Birth pool trial run

Well - pool is blown up (hurrah for electric pumps) and punctures mended (not ones that would let water out but ones letting air out of bottom ring so deflating it. After some research it seemed the conclusion was that ordinary garden hose would be fine for filling - just to let water run through it for a few minutes first. I also bought a new tap connector as recommended. So everything putting the water in is new and clean. There is a separate hose for removing the water which connects to a submersible pump (like you would use in a garden pond). (NCT sells pack with all these bits in.) I half filled it and added Milton to give it a good clean. I added the sieve to clean that as well - although it is new, not been used before and I will throw it away after. The bath thermometre I bought from Mothercare doesn't work which is a real pain. I hope to get a kitchen thermometer from our local hardware shop before I go into labour.

I am going to fill the pool again today - this time to get in and enjoy. I will leave it filled for the boys to enjoy after school. With my last pregnancy I did that and it started labour off. I hope that doesn't happen this time because Jenny, one of my birth partners, has a 12 shift today and the earliest she could be here is 10pm. I sort of don't want baby to come tomorrow as it is April Fool's Day - but we will have to wait and see. No signs of anything imminent. I did think it was coming last Thursday but all went quiet.

Tuesday, 30 March 2010

Midwives supporting home births

In March 2006 the Nursing and Midwifery Council issued a circular clarifying the rights of women, the responsibilities of midwifes and the obligations of Local Supervising Authorities (LSA) for home births. In brief it outlines guidelines in three areas
• As experts in normal birth midwives should be competent, and have confidence, in caring for women having home births.
• Home birth is at least as safe as hospital birth for healthy women with straightforward pregnancies.

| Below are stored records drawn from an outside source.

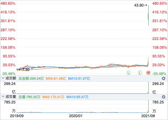 8月10日,盐湖股份开盘即爆涨388.12%,仅1分钟就触发了临时停牌,以43.15元/股的股价计算,总市值高达2344.29亿元,即使之后打开涨停,截至收盘股价报收35.9元,1950.4亿元的总市值也已经达到,在开盘瞬间就超过了之前中金公司、中信证券、银河证券等券商的预测估值。
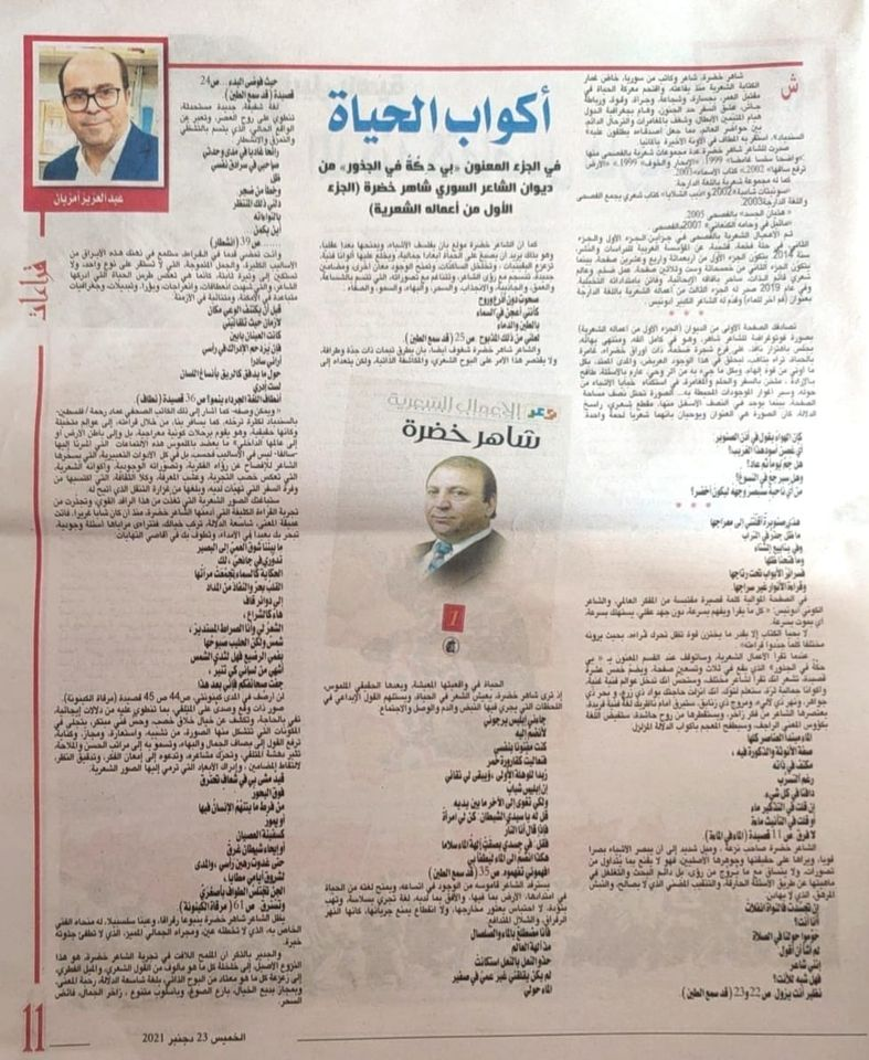 عبدالعزيز أمزيان - أكواب الحياة في القسم المعنون " بي حِكَّةٌ في الجذور" من ديوان الشاعر شاهر خضرة (الجزء الأول من أعماله الشعرية)
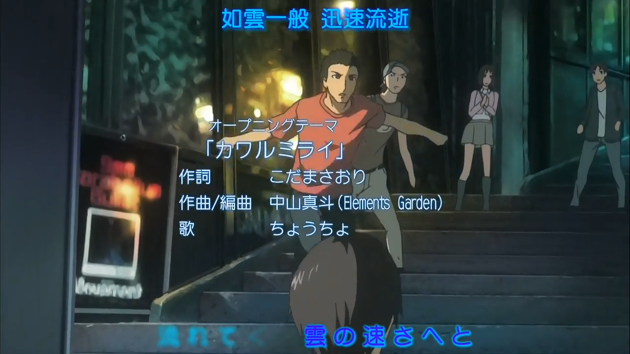 这OP动画完美无缺?当然不是。即便是米兰这种被其亮点冲昏了头脑的家伙,也能看出该动画转场时基本不衔接。可以说明显的过渡只有“男主从电车中向外看,然后表现出惊讶”一处,那之后不久转到三人乘车的镜头也转换得不自然。然而,缺少神衔接MAD一般的过渡并没有影响该动画的观感。毕竟是大厂作品,就算硬切也不会让你难受(背景色调一致)。
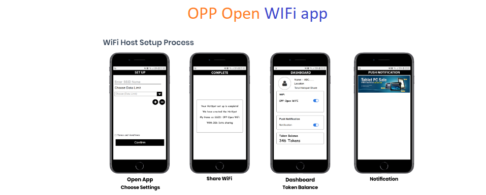 Our app will activate the mobile hotspot function on your smart device and “OPP OPEN WIFI” will be seen by guest Users wishing to access the web. The system is totally secure for both the Hotspot Host and the guest user. The system is designed to work with home and business WiFi too.
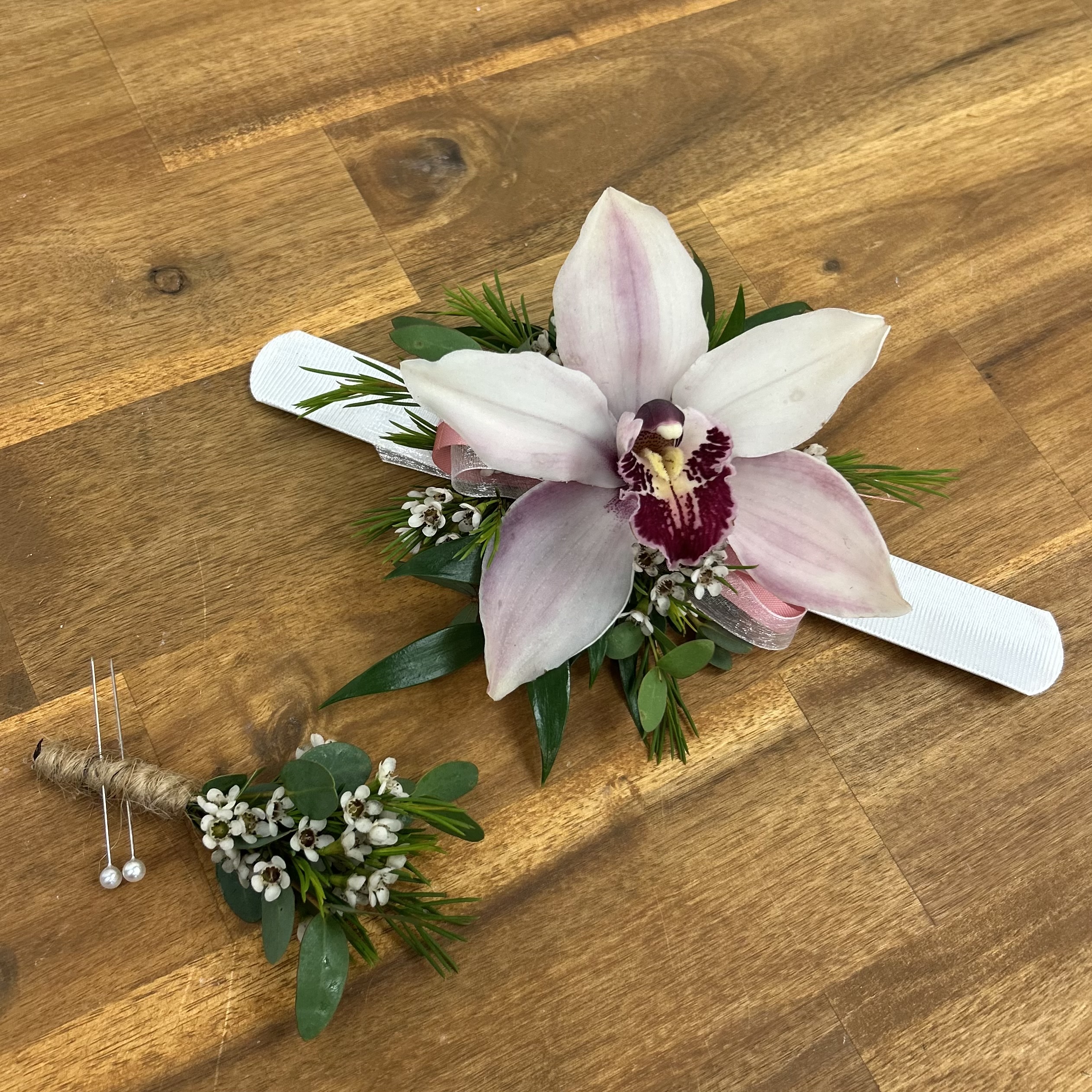 Where tropical luxury meets rustic charm. This set features a breathtaking cymbidium orchid anchored by textural wax flower and rich greenery. The boutonniere is hand-finished with a natural jute twine and pearl-tipped pins, offering an organic yet elevated look for any celebration.
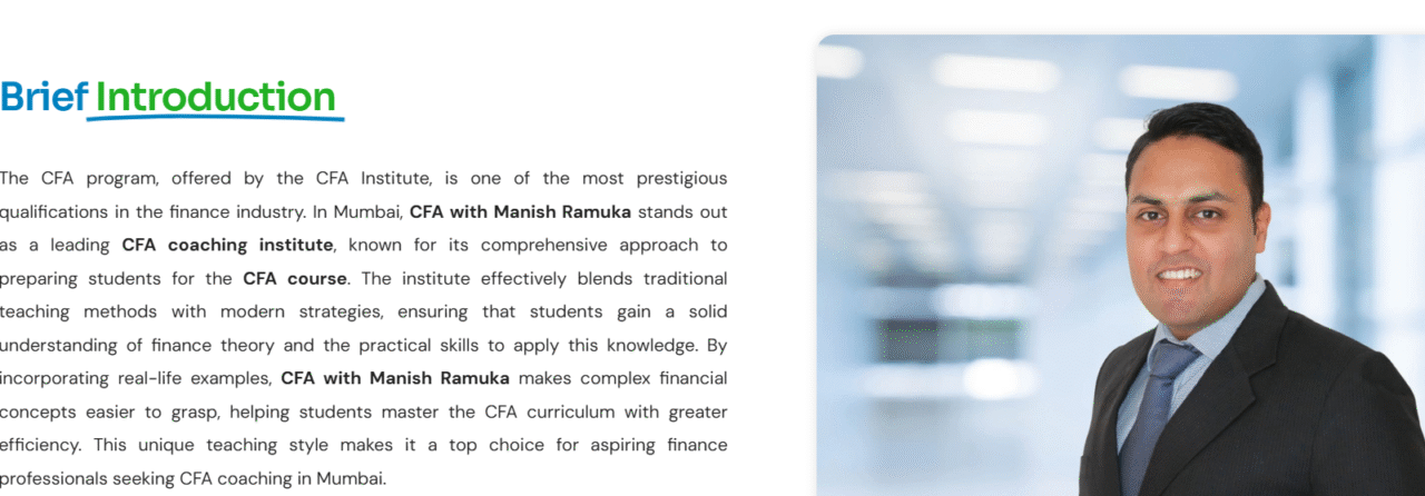 So, second on the list is Manish Ramuka CFA classes in Mumbai. Although, I don’t know Manish ramuka personally, but on close analysis the trainings and other parameters point his classes in rank number 2 for cfa classes in Mumbai.
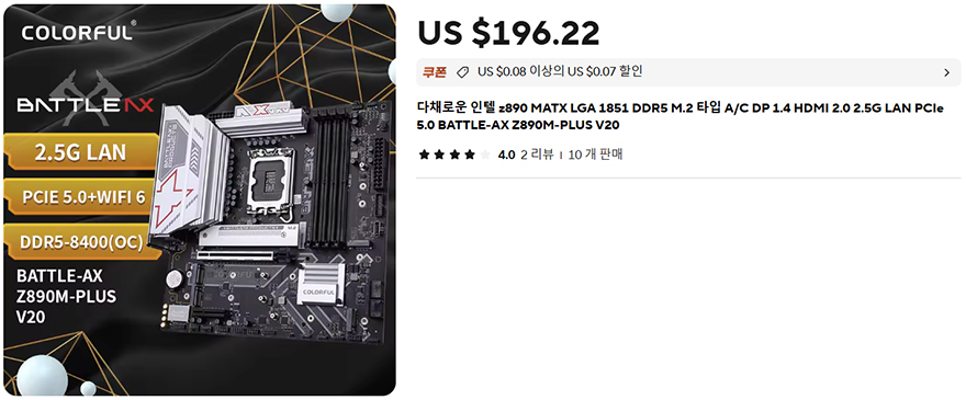 끝으로, 컬러풀(Colorful)은 하반기부터 국내 소비자들이 해외직구로 많이 사용하고 있는 알리익스프레스에 공식스토어(https://ko.aliexpress.com/store/1103792176)를 입점했습니다. 이부분은 이미 앞서 다른 컬러풀의 메인보드 리뷰에서도 꾸준히 언급했는데, 글로벌 스토어라서 최신 컬러풀 메인보드를 가장 빠르게 접할 수 있습니다. 그래서, Battle-AX Z890M-Plus V20 메인보드 역시 공식스토어에서 판매 중인데, 가장 큰 매력은 역시 가격입니다. 물론, 알리익스프레스 같은 경우 매월 할인 프로모션을 진행하기 때문에 평소 가격보다 저렴하게 구매할 수 있는데, 평균적으로 Battle-AX Z890M-Plus V20 메인보드는 150~160달러선에서 구매가 가능합니다. 이는 국내에서 가장 저렴한 Z890 메인보드보다 약 10만원이상정도 차이가 나며 더 저렴하죠. 그래서, 보급형 Z890 메인보드로는 끌릴 수밖에 없습니다.

Whilst there are some clear categories of women for whom a hospital birth would be highly recommended, there are others with increased risk factors where opinion is divided. Risk is a complex issue. If a woman is legally competent to make the choice to birth at home then the midwife should support her, make a plan of care, and seek support from her supervisor. S/he should make all options and choices clear and respect the choices a woman makes.
• There should always be midwives available to cover home births. ‘Withdrawal of a home birth services is no less significant to women than withdrawal of services for a hospital birth.’ Women can contact the LSA for advice.

Hurrah! This is tremendously important for those planning homebirths. In the past six months I have known women trying to book home births who have encountered problems in all these areas: midwives who are not competent in water births, not competent in physiological third stage, not confident in normal birth and nervous about attending a home birth; there have been women with low iron, suspected big babies, previous caesarean, previous assisted birth with high blood loss; two women told no midwife was available, though one other woman was attended by a senior midwife who came out from the hospital. For all these women, and the many, many more, I am very grateful for this document. If you would like to see the full document, ask me for a copy or go to

Everybody should at least consider a home birth, simply because it is one of your options, and should be considered along with which hospital, what pain relief and which pram. In fact the National Institute for Health and Clinical Excellence ( - Clinical Guideline on Caesarean Section) positively recommended that you do “During their discussions about options for birth, healthy pregnant women with anticipated uncomplicated pregnancies should be informed that delivering at home reduces the likelihood of CS.”* Start at or the NCT publications (home birth info sheet, £1; booklet, £2.50), or contact me

*Were you told this? The guideline also recommends that “Women should be informed that continuous support during labour from women with or without prior training reduces the likelihood of CS.”

Ref: pg12

Why your first is the best one to have at home

Women are often recommended (ie told) not to have their first baby at home – because you don’t know what will happen. However it is precisely because of this that planning to have your first baby at home is eminently sensible. The great thing about being booked for a home birth is that you can go to hospital at any time you choose – it is much harder to transfer out of hospital to home! On top of that first labours tend to be longer. Being at home is less tiring and more comfortable for the long haul.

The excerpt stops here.